Segment Start: PROVIDED INFORMATION
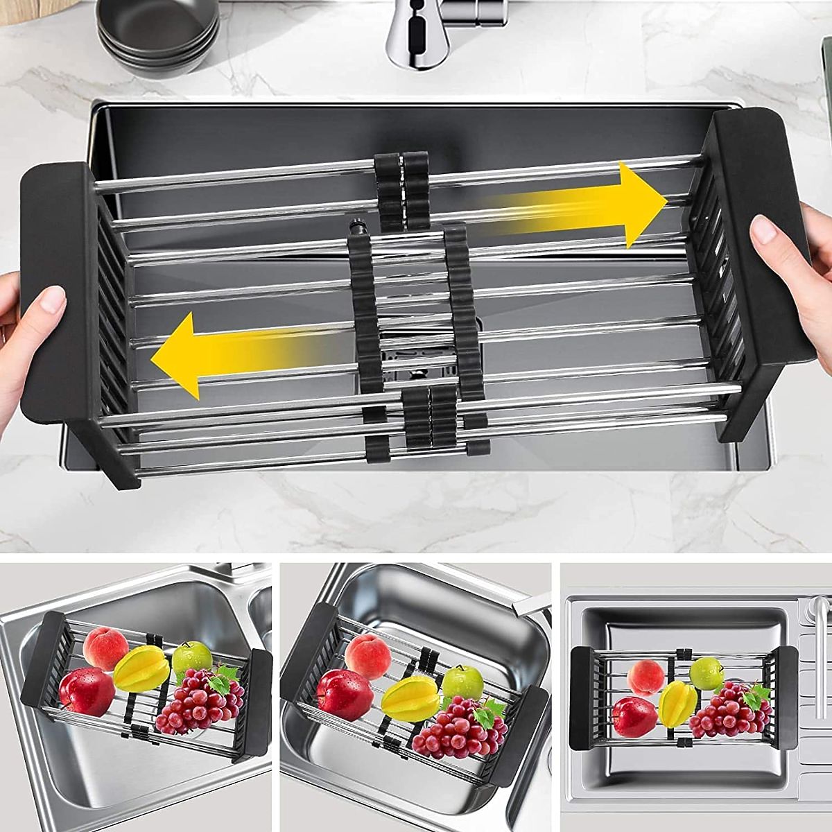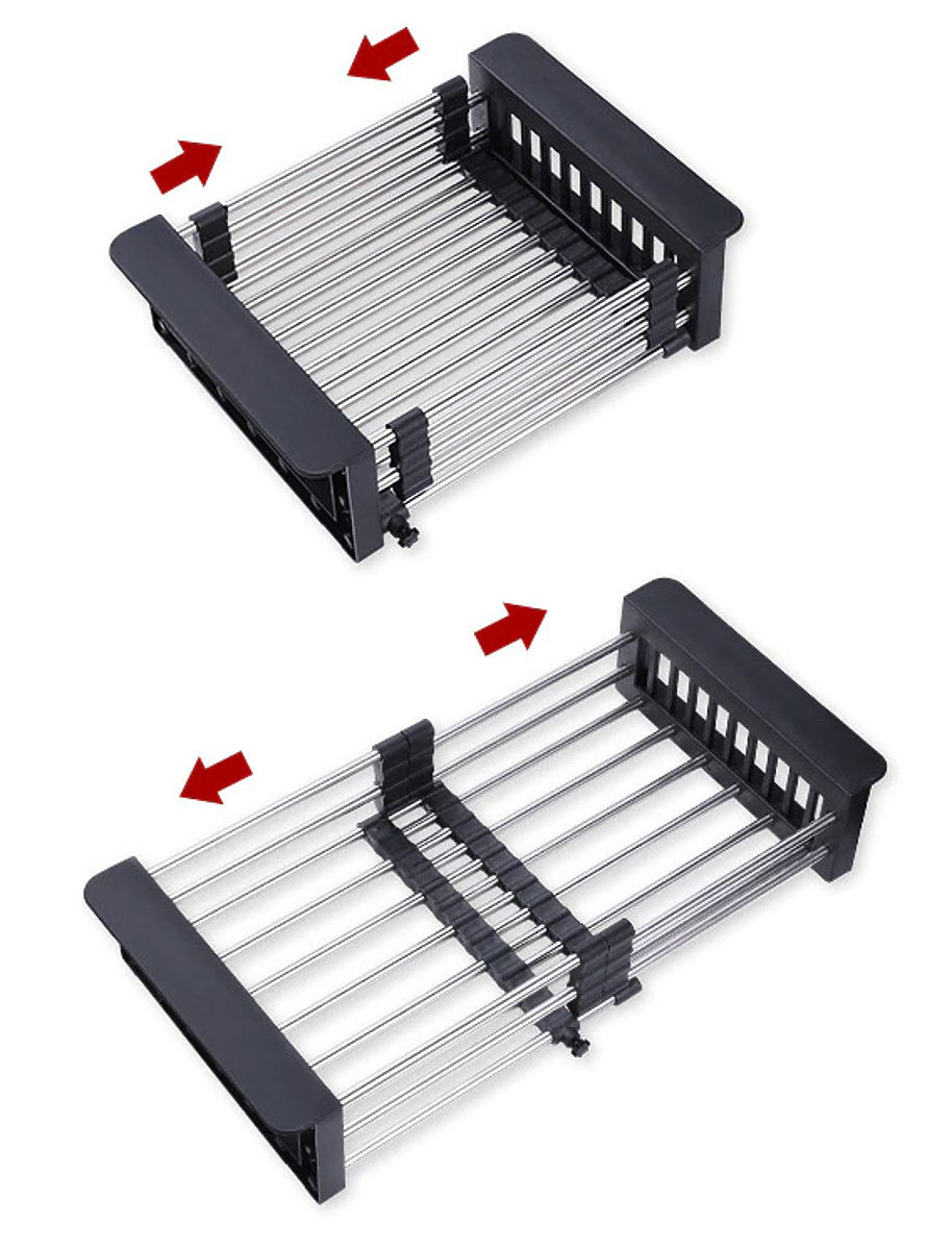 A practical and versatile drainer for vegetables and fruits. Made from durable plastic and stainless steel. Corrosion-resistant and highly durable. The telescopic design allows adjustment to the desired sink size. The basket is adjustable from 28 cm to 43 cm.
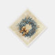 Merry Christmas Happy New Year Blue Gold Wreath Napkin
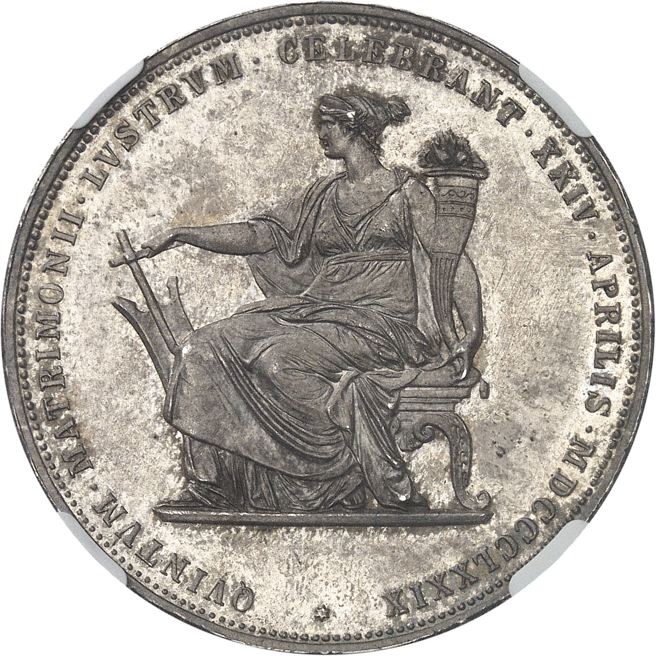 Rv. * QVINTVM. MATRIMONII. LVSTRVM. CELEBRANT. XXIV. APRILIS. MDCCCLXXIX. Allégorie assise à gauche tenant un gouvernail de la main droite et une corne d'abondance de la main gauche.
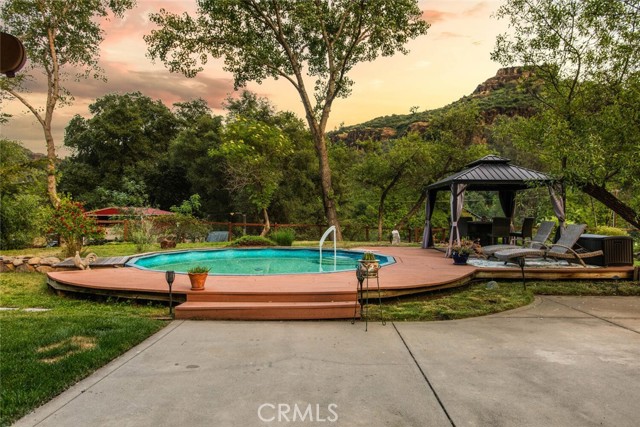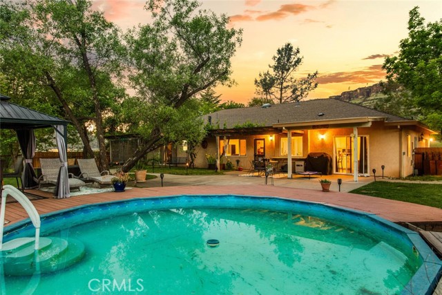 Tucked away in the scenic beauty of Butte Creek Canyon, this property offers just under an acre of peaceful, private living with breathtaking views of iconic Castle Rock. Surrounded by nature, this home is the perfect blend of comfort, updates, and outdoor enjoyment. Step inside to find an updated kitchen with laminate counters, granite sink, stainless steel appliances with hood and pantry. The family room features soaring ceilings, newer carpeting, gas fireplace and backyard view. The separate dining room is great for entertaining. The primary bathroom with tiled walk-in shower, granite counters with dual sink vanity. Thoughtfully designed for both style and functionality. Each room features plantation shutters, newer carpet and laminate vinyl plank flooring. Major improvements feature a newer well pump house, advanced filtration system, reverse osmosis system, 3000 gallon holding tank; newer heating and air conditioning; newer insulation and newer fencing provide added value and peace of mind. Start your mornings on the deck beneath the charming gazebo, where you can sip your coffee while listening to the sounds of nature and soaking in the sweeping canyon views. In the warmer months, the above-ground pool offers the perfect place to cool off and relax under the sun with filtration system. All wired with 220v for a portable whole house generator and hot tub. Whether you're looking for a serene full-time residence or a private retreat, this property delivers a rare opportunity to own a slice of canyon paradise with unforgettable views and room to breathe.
Segment End: PROVIDED INFORMATION
Segment Start: PROVIDED INFORMATION
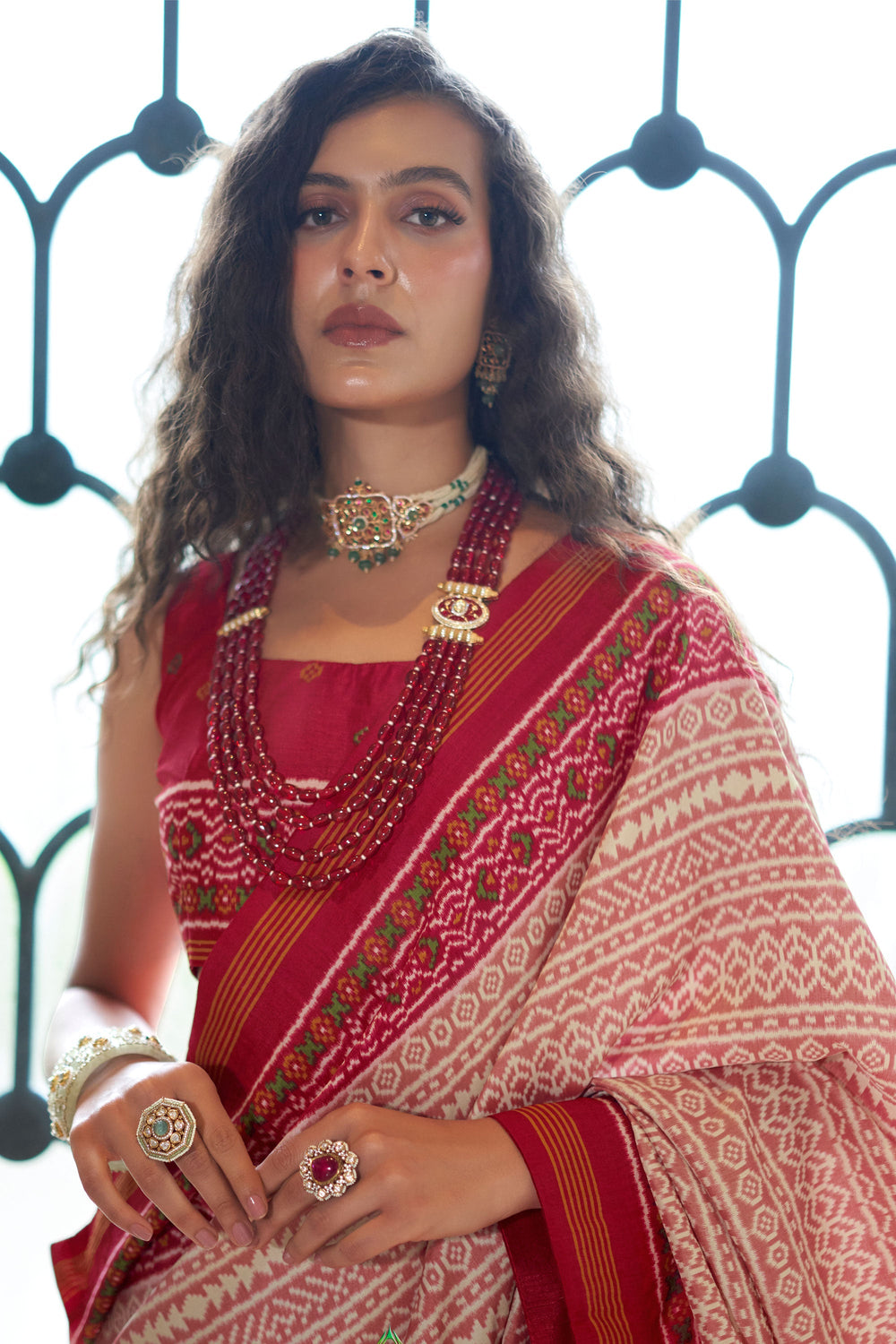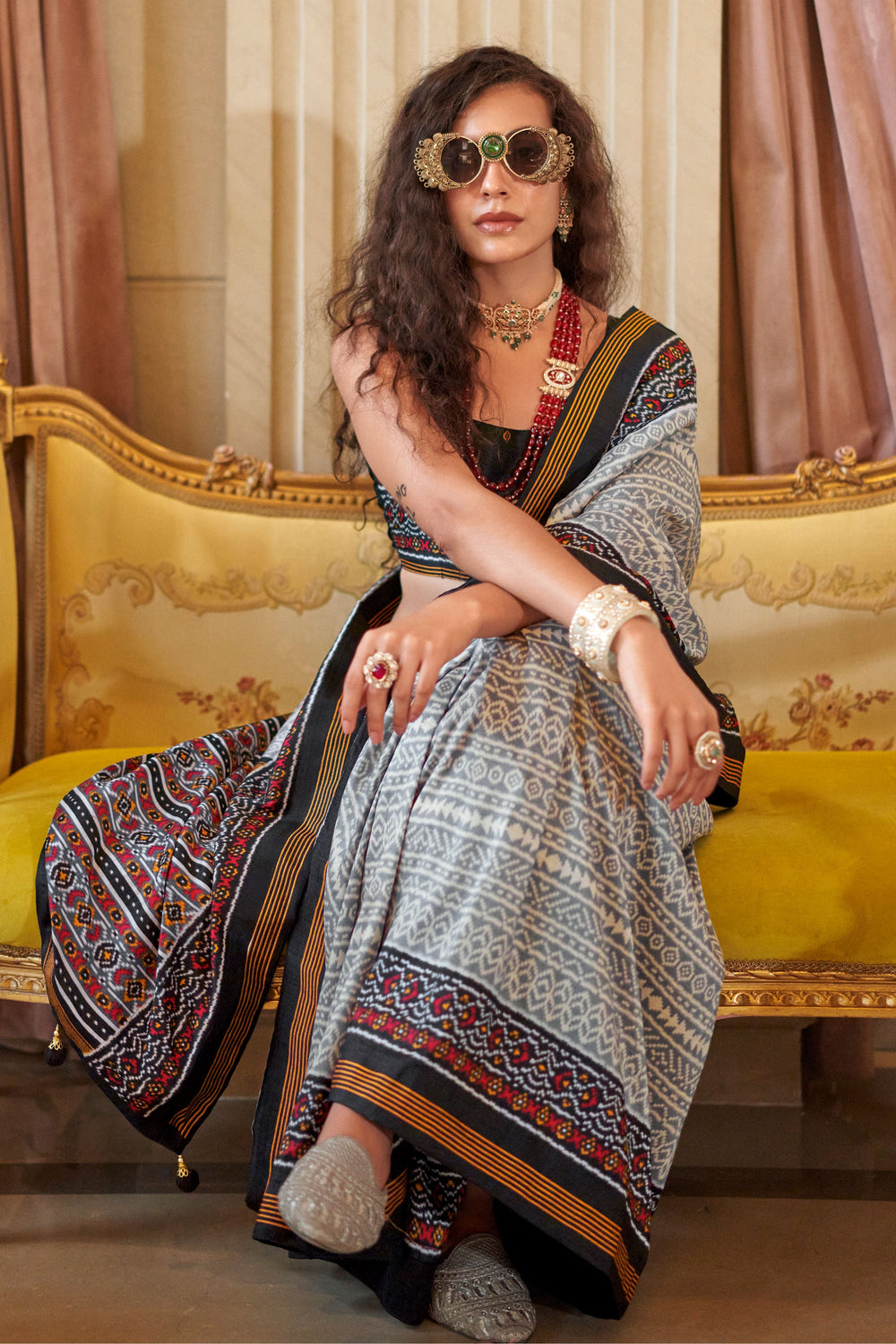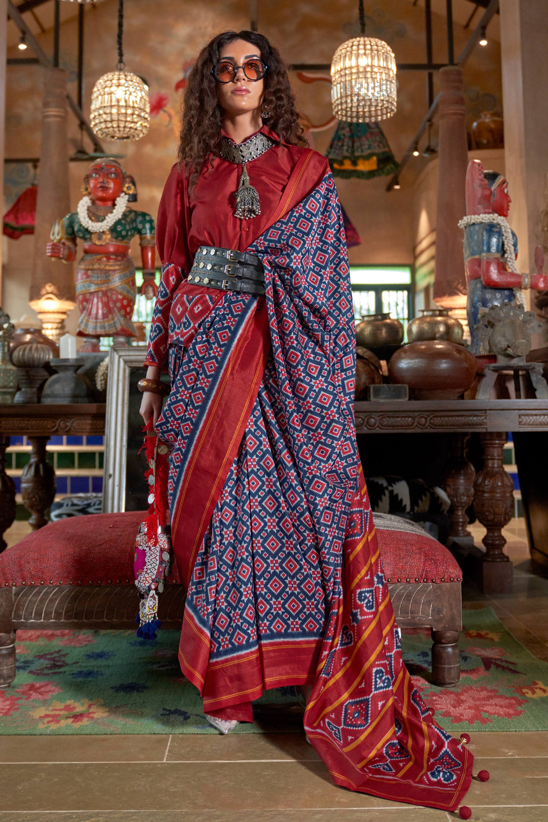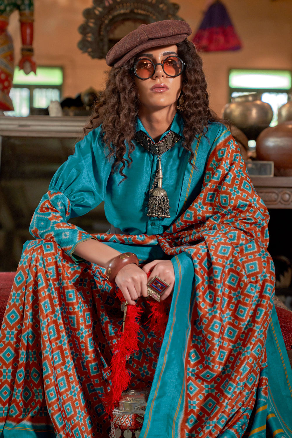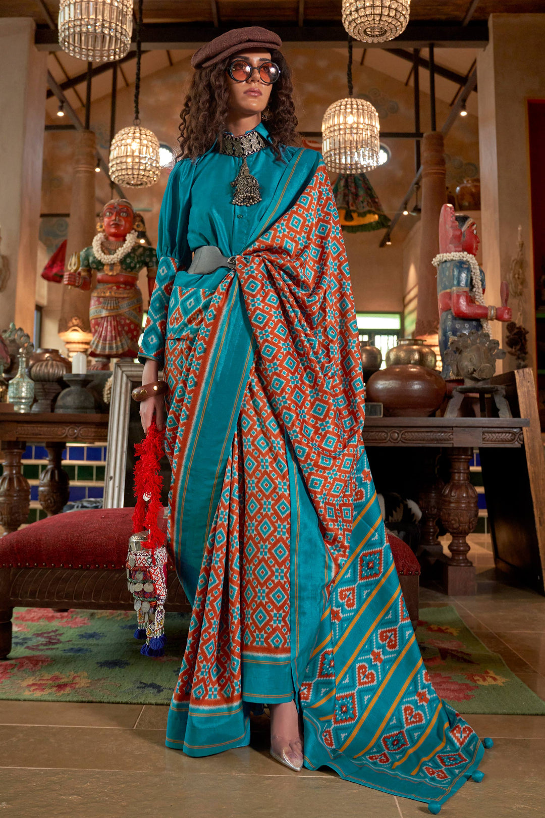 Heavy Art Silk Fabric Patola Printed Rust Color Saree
Segment End: PROVIDED INFORMATION
Pictures aside, return exactly the lines from the data above, starting at the line that has "Merry Christmas Happy" and ending at the line that has "Rv. * QVINTVM.", both included.

 Merry Christmas Happy New Year Blue Gold Wreath Napkin
 Rv. * QVINTVM. MATRIMONII. LVSTRVM. CELEBRANT. XXIV. APRILIS. MDCCCLXXIX. Allégorie assise à gauche tenant un gouvernail de la main droite et une corne d'abondance de la main gauche.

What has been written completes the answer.